State Transition Rules

Query Level:

DISCOVERING → CONNECTING (when relays selected)
CONNECTING → LOADING (when first relay connects)
CONNECTING → FAILED (when all relay connections fail, timeout)

LOADING → LIVE (when EOSE received, stream=true, >0 relays connected)
LOADING → PARTIAL (when some EOSE, some failed, stream=true)
LOADING → CLOSED (when all EOSE received, stream=false)
LOADING → FAILED (when all relays fail before EOSE)

LIVE → PARTIAL (when some relays disconnect)
LIVE → FAILED (when all relays disconnect)

PARTIAL → LIVE (when previously failed relays reconnect)
PARTIAL → FAILED (when remaining relays disconnect)

Per-Relay (tracked in RelayStateManager):

PENDING → CONNECTING (when connection initiated)
CONNECTING → CONNECTED (when WebSocket open, REQ sent)
CONNECTING → ERROR (when connection fails)
CONNECTING → TIMEOUT (when connection takes too long)

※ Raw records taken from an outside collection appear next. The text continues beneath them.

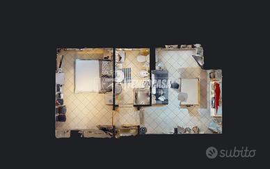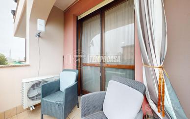 Dal soggiorno, si accede direttamente a un comodo balcone. Un disimpegno separa la zona giorno dalla zona notte, dove troviamo una spaziosa camera matrimoniale e un bagno completo di tutti i servizi.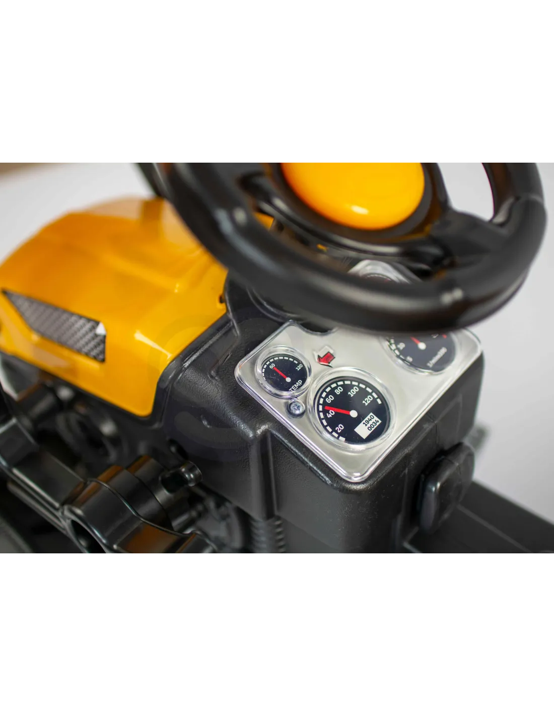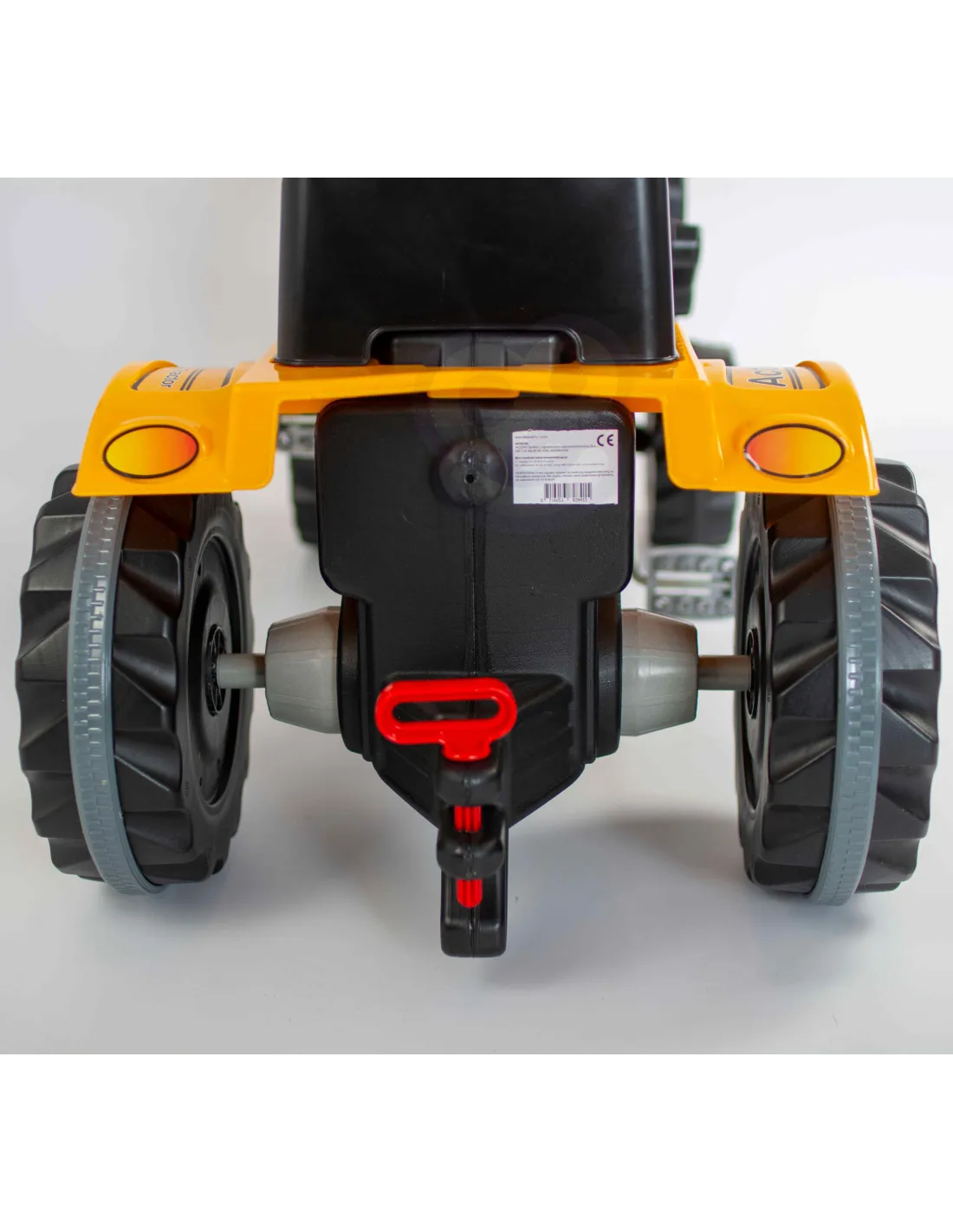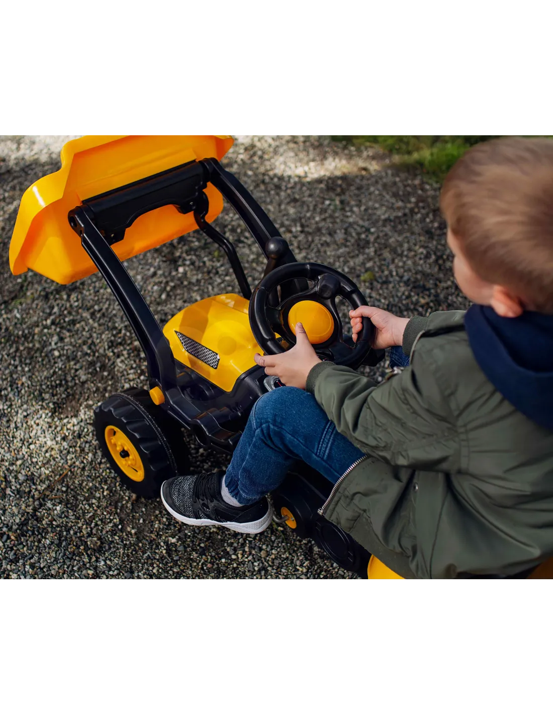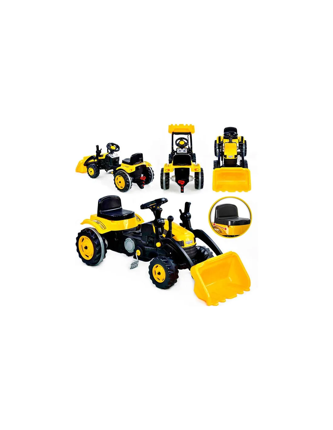 Šis geltonas pedalinis traktorius su žaisliniu sunkvežimiu yra puiki įžanga į pedalines transporto priemones. Jis išmokys mažuosius, kaip varyti mašiną ir kaip ją vairuoti, kad pasiektų kelionės tikslą! Papildoma atrakcija – buldozerio funkcija . Vaikai gali krauti savo mėgstamus žaislus į kibirą ir pasiimti juos su savimi kelyje. Produktas pagamintas iš aukščiausios kokybės , aplinkai nekenksmingų medžiagų, visiškai saugus vaikų sveikatai .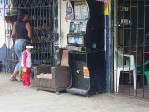 | Debido a los problemas psicológicos que causan a los menores de edad, los tragamonedas están autorizados a funcionar solamente en casinos. Hace varios meses, en vista del malestar general de los padres de familia, las autoridades competentes prohibieron ese negocio, que de paso era manejado por empresarios afuereños, que se llevaban un importante porcentaje de nuestro circulante; afectando, eso sí, al sector más vulnerable de nuestro cantón. |
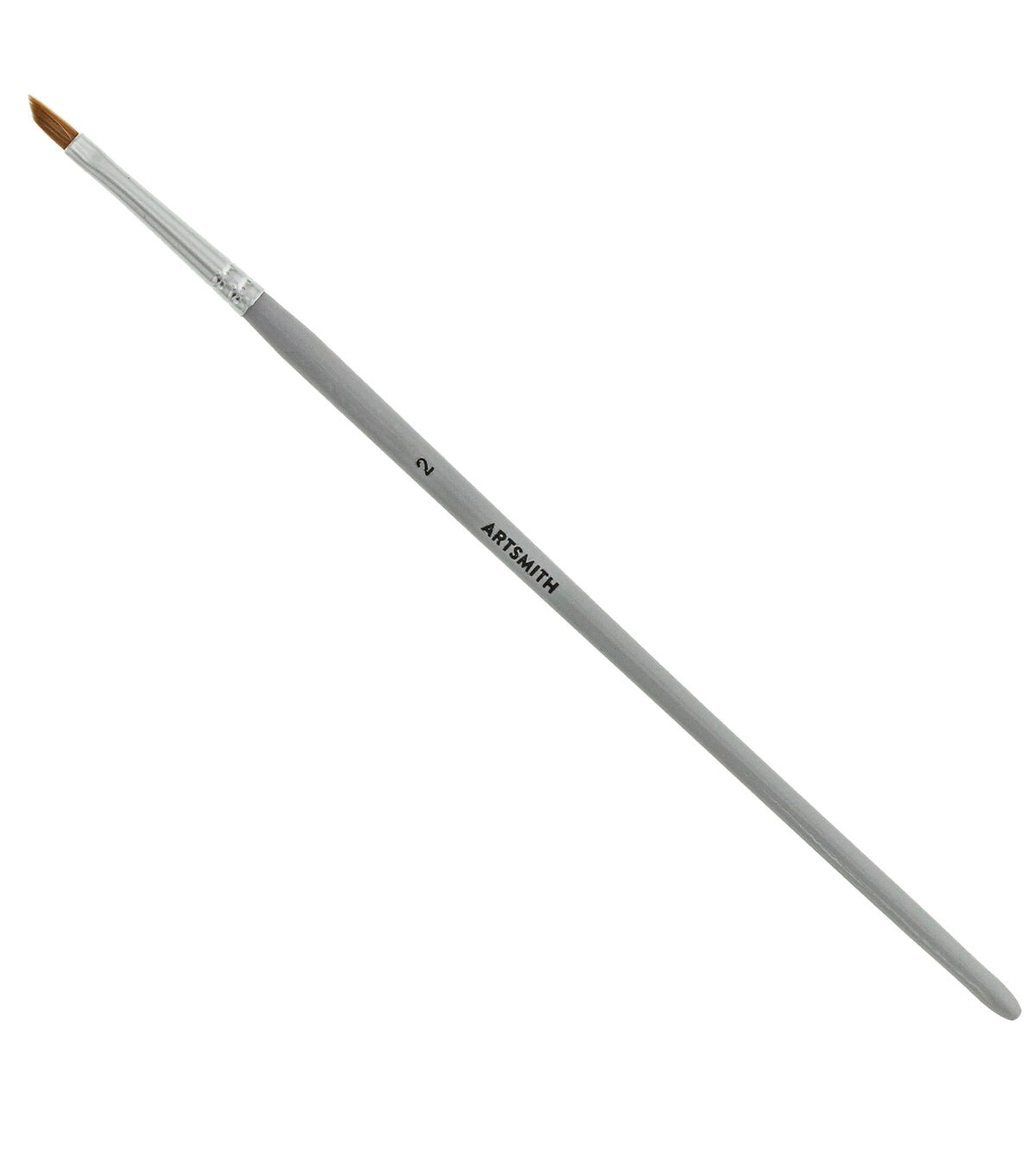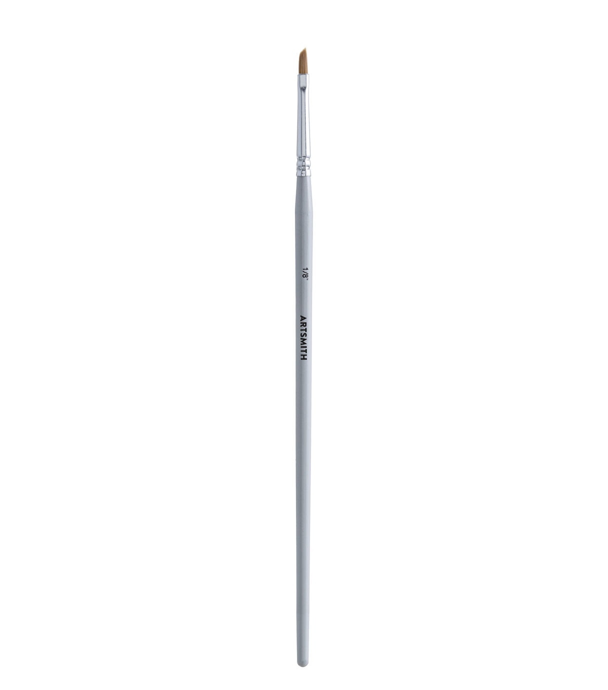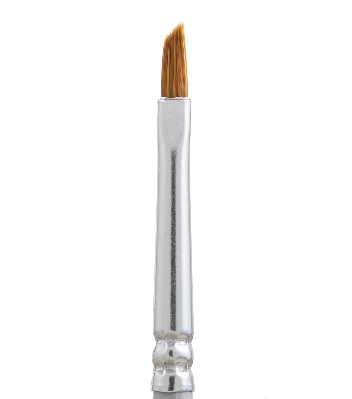 An angled or slanted tip, which is why they are sometimes also known as slanted brushes. A slanted tip for the bristles is especially useful for curves and being able to create lines and shapes that vary in thickness and coverage. Synthetic sable blend is designed for better brushability.

CONNECTED → RECEIVING (when first event received)
CONNECTED → EOSE_RECEIVED (when EOSE received, no prior events)
CONNECTED → ERROR (when connection lost)

RECEIVING → EOSE_RECEIVED (when EOSE received)
RECEIVING → DISCONNECTED (when connection lost before EOSE)
RECEIVING → ERROR (when protocol error)

EOSE_RECEIVED → CLOSED (when relay closes connection after EOSE)
EOSE_RECEIVED → DISCONNECTED (when relay keeps connection open in streaming)

Data Requirements

Information We Need But Don't Have

  1. Per-Relay EOSE Status:

    • Which relays sent real EOSE?
    • Which relays disconnected without EOSE?
    • Which relays timed out?
    • Which relays are still streaming?
  2. Per-Relay Event Counts:

    • How many events did each relay send?
    • Useful for showing progress and diagnosing issues
  3. Error Details:

    • Why did relay fail? (connection refused, timeout, protocol error, auth required)
    • Currently lost in catchError(() => of("EOSE"))
  4. Timing Information:

    • When did relay connect?
    • When did first event arrive?
    • When did EOSE arrive?
    • How long did query take per relay?
  5. Relay Health Context:

    • Is relay in RelayLiveness backoff state?
    • Has relay been failing consistently?
    • Should we even attempt connection?

Information We Have But Don't Use

From RelayStateManager (src/services/relay-state-manager.ts):

  • connectionState: "connected" | "connecting" | "disconnected" | "error"
  • lastConnected, lastDisconnected: Timestamps
  • errors[]: Array of error messages with types
  • stats.connectionsCount: How many times relay connected

From RelayLiveness (src/services/relay-liveness.ts):

  • Failure counts per relay
  • Backoff states
  • Last success/failure times
  • Should prevent connection attempts to dead relays

Problem: useReqTimeline doesn't integrate with either of these!

Nostr Protocol Semantics

REQ Lifecycle (NIP-01)

  1. Client sends: ["REQ", <subscription_id>, <filter1>, <filter2>, ...]
  2. Relay responds with zero or more: ["EVENT", <subscription_id>, <event>]
  3. Relay sends: ["EOSE", <subscription_id>] when initial query complete
  4. Client can keep subscription open for streaming
  5. Client closes: ["CLOSE", <subscription_id>]
  6. Relay can close: ["CLOSED", <subscription_id>, <reason>]

EOSE Semantics

What EOSE means:

  • "I have sent all stored events matching your filter"
  • "Initial query phase is complete"
  • Connection is still open (unless relay closes immediately after)

What EOSE does NOT mean:

  • "No more events will be sent" (streaming continues)
  • "Connection is closing"
  • "Query was successful" (could have returned 0 events)

CLOSED Semantics

Why relays send CLOSED:

  • auth-required: AUTH event required before query
  • rate-limited: Too many requests
  • error: Generic error (parsing, internal, etc.)
  • invalid: Filter validation failed

Client should:

  • Distinguish CLOSED from EOSE
  • Handle auth-required by prompting user
  • Handle rate-limiting with backoff
  • Show errors to user

Applesauce Behavior Analysis

Retry/Reconnect Logic

relay.subscription() options:

  • retries (deprecated): Number of retry attempts
  • reconnect (default: true, 10 retries): Retry on connection failures
  • resubscribe (default: false): Resubscribe if relay sends CLOSED

Current usage in useReqTimeline.ts:

pool.subscription(relays, filtersWithLimit, {
  retries: 5,
  reconnect: 5,
  resubscribe: true,
  eventStore,
});

Behavior:

  • Retries connection failures up to 5 times
  • Resubscribes if relay sends CLOSED (like auth-required)
  • Uses exponential backoff (see Relay.createReconnectTimer)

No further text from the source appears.